Vision Pro’ya özgü uygulamaların ve medyanın eksikliği bu durumu daha da zorlaştırdı. Apple’ın yüksek sayıda iade ile karşılaşması ve eBay gibi sitelerde birkaç üniteden fazlasının görülmesi şaşırtıcı değil. Yeni bir Apple ürününe yönelik tipik heyecan da hızla azaldı.
Google Aramalarında Keskin Düşüş
23 milyon pikselli iki OLED ekran, 12 kamera, beş sensör, altı mikrofon ve bir M2 çip. Apple bu kadar küçük bir alana çok şey sığdırmış ve duyusal deneyim beklentileri aşıyor.
Ancak tüm bu özellikleri sunması yeterli olmamış olacak ki Vision Pro’ya ilişkin sosyal medya paylaşımları ve Google aramaları sadece birkaç hafta içinde keskin bir düşüş yaşadı. Üstesinden gelinmesi zor olan bir diğer sorun da form faktörüydü.
Oyun oynamak ya da kısa bir süre antrenman yapmak için başlıklı bir bilgisayar takmak kabul edilebilir olsa da, internette gezinmek ya da film izlemek için saatlerce bu ağır başlığı takmak ergonomik gelmedi. Birçok kullanıcı, başlığın geleneksel kurulumlarına kıyasla cazip bir yükseltme sunmadığını belirtiyor.
Vision Pro’nun ağır yapısı uzun saatler kullanımı konusunda kullanıcılara yardımcı olmuyor. Vision Pro’yu uzun süre kullananların bir kısmı uzun süreli kullanımdan kaynaklanan göz kararması, baş ağrısı ve göz yorgunluğu gibi sağlık sorunları bildirdi. Bu sorunların çoğu VR başlık segmentiyle ile ilgili yaygın şikayetler ve Apple’a özgü bir durum değil.
Apple’ın birinci nesil Vision Pro’sunun sevilecek çok yanı var ve doğrusunu söylemek gerekirse pek çok hevesli kullanıcısı var. Cihazı ilk kez kullanan herkes, deneyimin ileriye doğru büyük bir sıçrama gibi hissettirdiğini hemen fark ediyor.

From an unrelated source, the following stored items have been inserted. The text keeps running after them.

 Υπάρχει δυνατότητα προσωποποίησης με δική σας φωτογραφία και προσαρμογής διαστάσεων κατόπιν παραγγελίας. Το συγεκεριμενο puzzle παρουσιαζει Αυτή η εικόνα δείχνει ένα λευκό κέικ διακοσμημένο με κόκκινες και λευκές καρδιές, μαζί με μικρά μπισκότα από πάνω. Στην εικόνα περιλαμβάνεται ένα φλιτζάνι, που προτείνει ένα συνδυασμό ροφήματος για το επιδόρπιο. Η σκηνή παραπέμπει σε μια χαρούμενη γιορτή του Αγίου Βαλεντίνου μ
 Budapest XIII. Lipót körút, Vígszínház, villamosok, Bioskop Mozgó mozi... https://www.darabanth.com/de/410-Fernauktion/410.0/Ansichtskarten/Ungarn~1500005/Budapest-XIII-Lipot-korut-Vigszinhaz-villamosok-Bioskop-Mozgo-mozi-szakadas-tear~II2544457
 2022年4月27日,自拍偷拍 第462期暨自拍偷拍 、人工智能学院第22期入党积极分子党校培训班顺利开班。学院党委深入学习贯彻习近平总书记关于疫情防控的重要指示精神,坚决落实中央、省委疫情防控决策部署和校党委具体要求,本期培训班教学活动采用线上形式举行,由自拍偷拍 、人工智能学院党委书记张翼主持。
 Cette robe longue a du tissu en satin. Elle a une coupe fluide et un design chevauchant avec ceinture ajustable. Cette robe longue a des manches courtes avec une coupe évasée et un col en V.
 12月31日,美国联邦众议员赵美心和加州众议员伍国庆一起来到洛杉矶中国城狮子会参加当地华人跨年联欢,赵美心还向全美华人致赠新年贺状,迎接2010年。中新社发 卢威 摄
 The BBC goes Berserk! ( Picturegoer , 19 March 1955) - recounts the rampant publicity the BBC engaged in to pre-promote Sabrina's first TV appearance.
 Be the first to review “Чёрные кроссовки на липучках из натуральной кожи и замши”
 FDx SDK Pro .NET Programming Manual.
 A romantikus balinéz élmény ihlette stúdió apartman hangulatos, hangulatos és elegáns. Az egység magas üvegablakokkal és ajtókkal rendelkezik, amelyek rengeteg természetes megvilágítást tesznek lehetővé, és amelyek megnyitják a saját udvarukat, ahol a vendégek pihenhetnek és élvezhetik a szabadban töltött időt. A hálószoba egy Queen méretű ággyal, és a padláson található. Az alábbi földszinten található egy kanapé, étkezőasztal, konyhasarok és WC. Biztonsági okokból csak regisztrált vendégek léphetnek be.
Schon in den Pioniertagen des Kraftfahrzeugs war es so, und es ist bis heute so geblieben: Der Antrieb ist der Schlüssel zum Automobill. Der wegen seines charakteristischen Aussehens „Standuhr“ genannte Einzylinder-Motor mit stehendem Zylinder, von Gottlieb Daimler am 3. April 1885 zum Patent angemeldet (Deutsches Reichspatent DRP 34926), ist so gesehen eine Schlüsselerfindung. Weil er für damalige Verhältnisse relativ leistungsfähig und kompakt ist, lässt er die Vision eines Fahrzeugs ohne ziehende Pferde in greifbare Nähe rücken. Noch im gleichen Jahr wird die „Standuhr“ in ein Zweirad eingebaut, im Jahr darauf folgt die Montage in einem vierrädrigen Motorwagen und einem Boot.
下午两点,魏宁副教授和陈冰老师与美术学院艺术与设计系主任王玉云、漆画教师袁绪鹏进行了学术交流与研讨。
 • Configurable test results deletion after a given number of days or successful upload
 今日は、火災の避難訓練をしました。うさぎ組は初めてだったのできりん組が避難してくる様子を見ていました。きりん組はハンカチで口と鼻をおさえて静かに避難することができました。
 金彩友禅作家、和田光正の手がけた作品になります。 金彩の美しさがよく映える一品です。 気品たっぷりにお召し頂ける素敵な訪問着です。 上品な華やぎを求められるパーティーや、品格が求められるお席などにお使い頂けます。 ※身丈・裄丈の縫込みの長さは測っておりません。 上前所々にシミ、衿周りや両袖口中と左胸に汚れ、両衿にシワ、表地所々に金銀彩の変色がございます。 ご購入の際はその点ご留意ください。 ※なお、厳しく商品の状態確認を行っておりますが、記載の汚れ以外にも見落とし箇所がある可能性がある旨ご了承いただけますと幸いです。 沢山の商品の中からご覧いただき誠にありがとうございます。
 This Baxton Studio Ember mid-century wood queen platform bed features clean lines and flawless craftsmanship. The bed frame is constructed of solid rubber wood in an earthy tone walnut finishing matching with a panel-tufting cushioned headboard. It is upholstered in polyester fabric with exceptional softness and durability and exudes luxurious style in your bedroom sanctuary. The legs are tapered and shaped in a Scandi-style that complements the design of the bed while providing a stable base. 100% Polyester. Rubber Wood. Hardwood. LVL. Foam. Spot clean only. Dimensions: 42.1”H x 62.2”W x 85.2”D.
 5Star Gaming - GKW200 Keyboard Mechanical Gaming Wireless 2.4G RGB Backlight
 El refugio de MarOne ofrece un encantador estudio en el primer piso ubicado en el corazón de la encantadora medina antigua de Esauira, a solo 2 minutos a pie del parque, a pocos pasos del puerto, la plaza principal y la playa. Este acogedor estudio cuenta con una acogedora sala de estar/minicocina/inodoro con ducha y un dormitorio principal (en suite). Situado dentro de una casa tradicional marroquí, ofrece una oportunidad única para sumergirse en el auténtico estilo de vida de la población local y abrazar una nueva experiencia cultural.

Ancak madalyonun bir de diğer yüzü var. Apple’ın ve diğer satıcıların satış sonuçları, mevcut haliyle uzamsal bilişim için kitlesel bir pazar fırsatının henüz mevcut olmadığını açıkça gösteriyor. Pazar başarısı için tek başına harika bir teknoloji sunması o ürünün patlaması için yeterli değil.
Apple’ın gelen bildirimlere bakarak daha uygun fiyatlı bir başlık geliştirmesi kuvvetle muhtemel.